Monday, October 16, 2006

8 hour tech support call

About a week an a half ago it was a Thursday everything was well for the most part. One of my Admins says he was getting errors in exchange system manger when trying to click on objects. The first thing I think was hmm... How long has that server been up and running? You know the usual thought when something goes wrong in a windows environment. So I check my outlook to see if emails were flowing and it was fine. It was already after 9am so rebooting the server to clean up errors wasn't an option at that point. I make a self note to reboot the server in the morning. A few hours pass by and I get a call from our overseas office asking if we are having issues with emails. I log into exchange and the server seems fine. No errors on the screen, task manager clear, no memory leaks and nothing frozen. As soon as I get off the phone I get calls from users saying they are getting email bounce backs. I then know something is wrong. I run into the server to see what is going on again. NOTHING! All looks fine from the typical admin perspective. So to not waste time I reboot the server. Once I did that NONE of the exchange services started. I tried to start them manually and no joy. So I knew something was wrong. I did nothing in exchange for weeks how could all of a sudden something just happen. I call back the overseas office to tell them yes we are having a problem how did you notice to problem. They say they have a consultant in installing Intellysync software on their end and they said they did nothing to anything else. So I called Microsoft. Hours roll by after explaining the problem. These were what seemed to be text book guys and went by the book. Little errors in AD these guys wanted to stray from the matter at hand and resolve them first. We did have a DC error but it was a rogue DC acting up BUT not affecting AD itself. These guys spent a few hours on that alone and I had to basically tell them we are going to demote this DC get it offline and continue with the matter at hand. It's only been 6 hours that I was on the phone.
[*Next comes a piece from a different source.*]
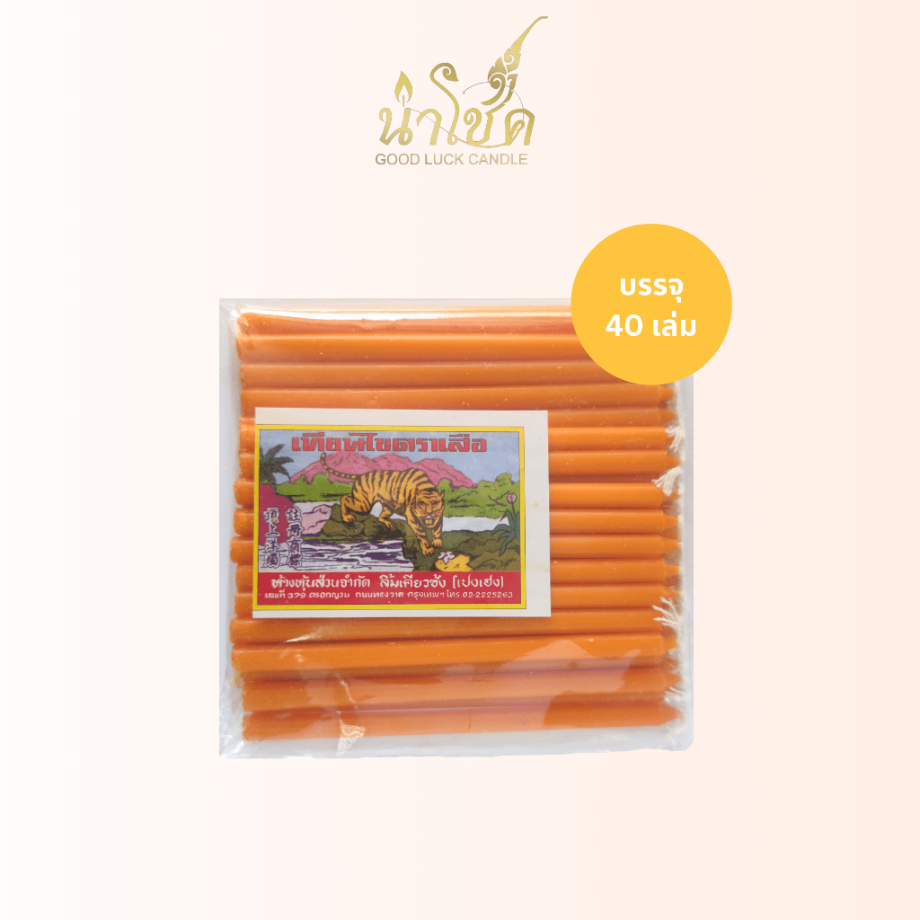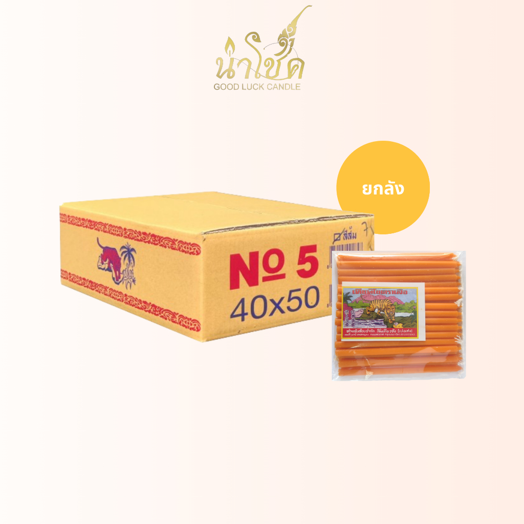 เทียนแท่ง ตราเสือ เบอร์5 ส้ม เสือ (40เล่ม) (50 แพ็ก)

To make a long story short. The permissions for exchange site name and anywhere that inherited these permissions were stripped somehow. We had to add them back one by one and even when we finished doing this the services still would not start. The phone call was already at 7.5 hours and it this time the MS tech decided to say lets reinstall exchange. I'm like WHAT! He says it again but we will select reinstall from the drop down box. Basically we did reinstall exchange right on top of the current install, wiping out the service pack as well. After the install we went ahead and reinstall the service pack too. After this we attempted to restart the services and they came up. I rebooted the server to make sure the service started themselves and they did.

After 8 hours the problem was finally resolved. No one still knows why these permissions were stripped out but I have my suspicions.

Tuesday, October 03, 2006

1.7 TB took 4 days to copy

So it took 4 days to copy 1.7TB from my file server to my EMC SAN via HBA's at 2GB Data rate. 4 days DAYMN!!!!! It would have been less if the script didn't get stuck on files that didn't have Admin rights. I would have posted the copy stats but the script is setup to sort of loop itself and start over if anything changes. No I didn't set it to write to a log. I'm guessing the log file would have been in the hundred MB rage and can't chance a log file crashing my server.